Data Block Start

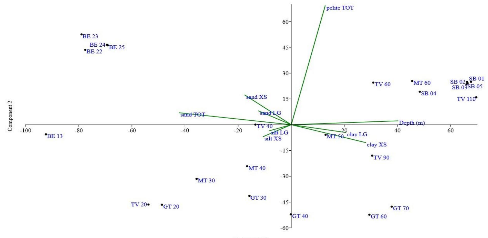 Grain-size data, measured by sieving (sand %) and Sedigraph (silt and ...
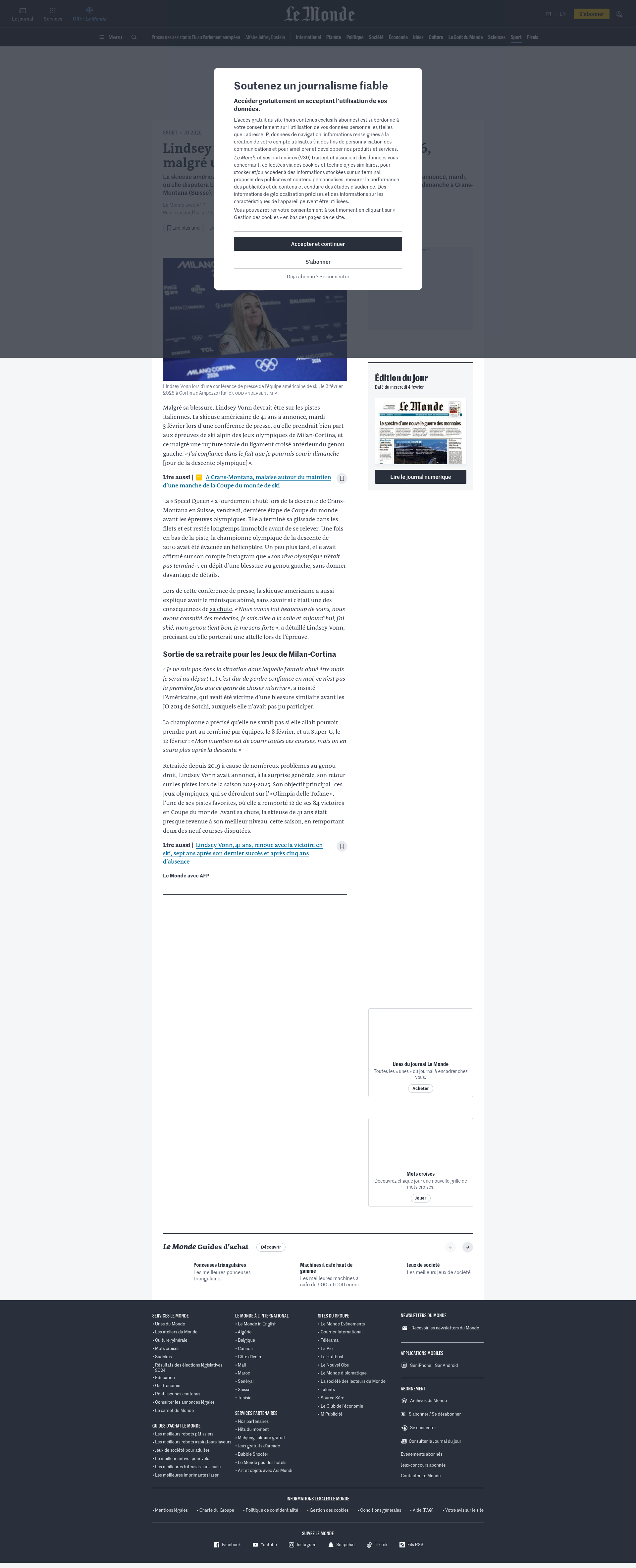 Lindsey Vonn participera bien aux JO 2026, malgré une grave blessure au genouLa skieuse américaine de 41 ans, sortie de sa retraite pour poursuivre son « rêve olympique », a annoncé, mardi, qu’elle disputera bien la descente des JO de Milan-Cortina, en dépit d’une blessure contractée dimanche à Crans-Montana (Suisse).PNGPDF
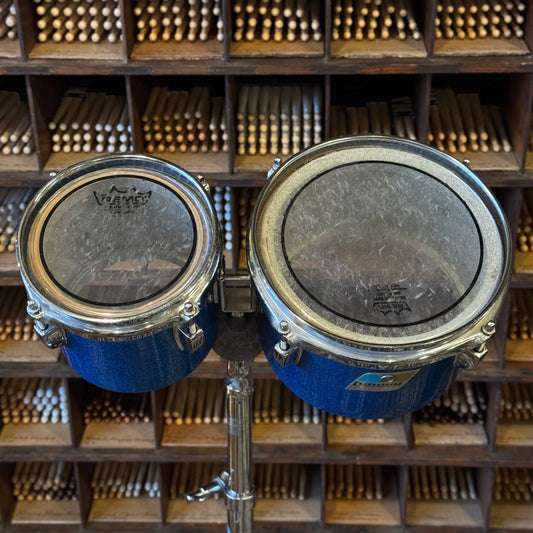 VINTAGE 1970's Ludwig Blue & Olive Badge Concert Toms in Blue Sparkle - 6" & 8"
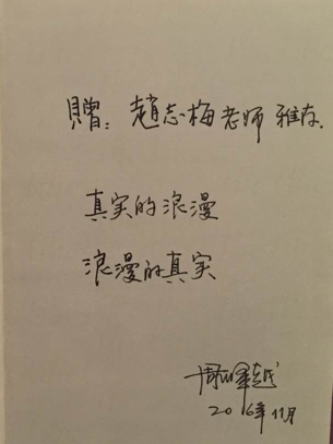 周副校长没有忘记赵志梅老师喜欢画花,这次专门给她带来了一本花卉大师的作品集《百合》,希望赵老师用女性的细腻深入体会自然界鲜花的美丽,创作出更美的作品。他的题字“浪漫的真实,真实的浪漫”让赵老师受到深刻的启发。
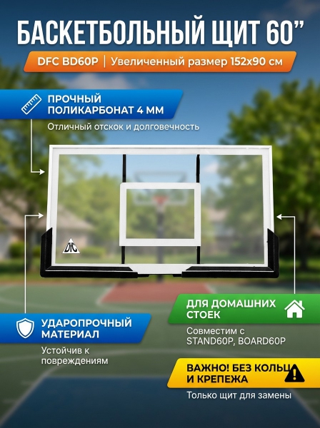 Баскетбольный щит DFC BD60P - ОписаниеСомневаетесь? - Посмотрите рейтинг ТОП-10 по категории «Баскетбольные щиты»Баскетбольный щит DFC без кольца и крепежа BD60P для домашнего использования. Подходит для замены на баскетбольных стойках STAND60P BOARD60P (не родное крепление, требуется дополнительная подготовка посадочного места). Кольцо и крепёж не входят в комплект.
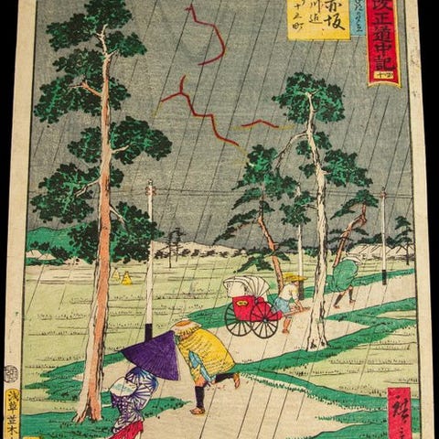 Originaludgave af træsnit af Utagawa Hiroshige fra One Hundred Famous Views of Edo, afbildende Eitai-broen og Tsukuda-øen, udgivet i 1980, med pladesignatur, i god stand; oprindelse Japan, 25,2 × 37,2 cm. Klik på den blå "gå til varen" knap, for at købe eller byde på denne vare. Den samlede pris vil blive vist inden du afgiver dit bud.
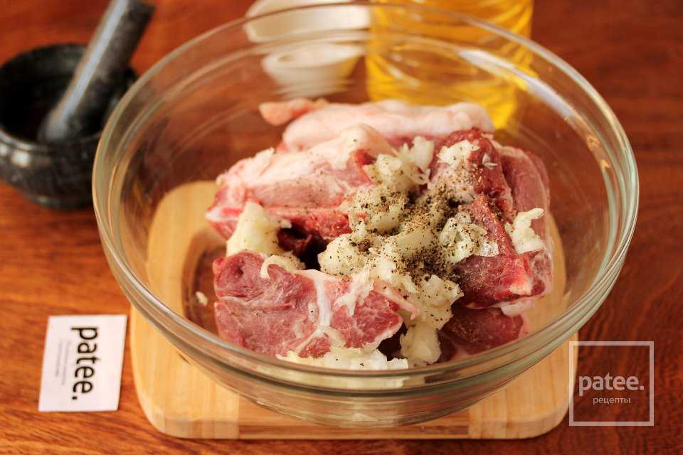 Как зажарить шашлык на сковороде из свинины (пошаговый рецепт с фото):
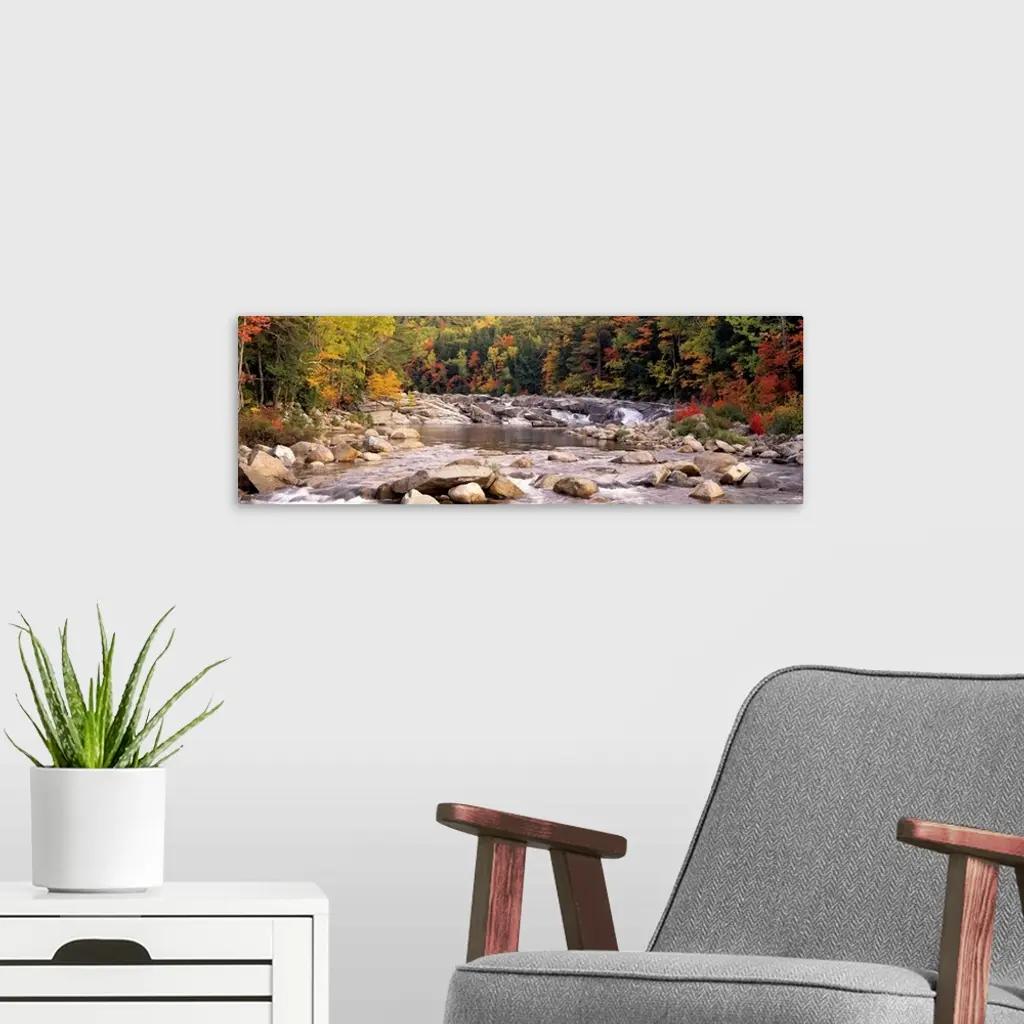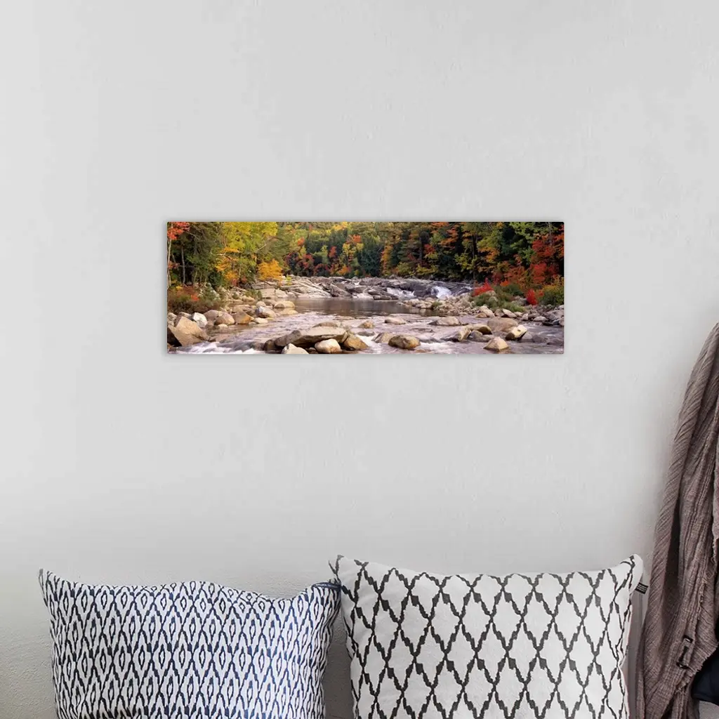 A relaxed panoramic landscape of large boulders in a New England river lined with trees with autumn colors.

Data Block End

Please set down every record above exactly as it appears, leaving out the pictures.

 Grain-size data, measured by sieving (sand %) and Sedigraph (silt and ...
 Lindsey Vonn participera bien aux JO 2026, malgré une grave blessure au genouLa skieuse américaine de 41 ans, sortie de sa retraite pour poursuivre son « rêve olympique », a annoncé, mardi, qu’elle disputera bien la descente des JO de Milan-Cortina, en dépit d’une blessure contractée dimanche à Crans-Montana (Suisse).PNGPDF
 VINTAGE 1970's Ludwig Blue & Olive Badge Concert Toms in Blue Sparkle - 6" & 8"
 周副校长没有忘记赵志梅老师喜欢画花,这次专门给她带来了一本花卉大师的作品集《百合》,希望赵老师用女性的细腻深入体会自然界鲜花的美丽,创作出更美的作品。他的题字“浪漫的真实,真实的浪漫”让赵老师受到深刻的启发。
 Баскетбольный щит DFC BD60P - ОписаниеСомневаетесь? - Посмотрите рейтинг ТОП-10 по категории «Баскетбольные щиты»Баскетбольный щит DFC без кольца и крепежа BD60P для домашнего использования. Подходит для замены на баскетбольных стойках STAND60P BOARD60P (не родное крепление, требуется дополнительная подготовка посадочного места). Кольцо и крепёж не входят в комплект.
 Originaludgave af træsnit af Utagawa Hiroshige fra One Hundred Famous Views of Edo, afbildende Eitai-broen og Tsukuda-øen, udgivet i 1980, med pladesignatur, i god stand; oprindelse Japan, 25,2 × 37,2 cm. Klik på den blå "gå til varen" knap, for at købe eller byde på denne vare. Den samlede pris vil blive vist inden du afgiver dit bud.
 Как зажарить шашлык на сковороде из свинины (пошаговый рецепт с фото):
 A relaxed panoramic landscape of large boulders in a New England river lined with trees with autumn colors.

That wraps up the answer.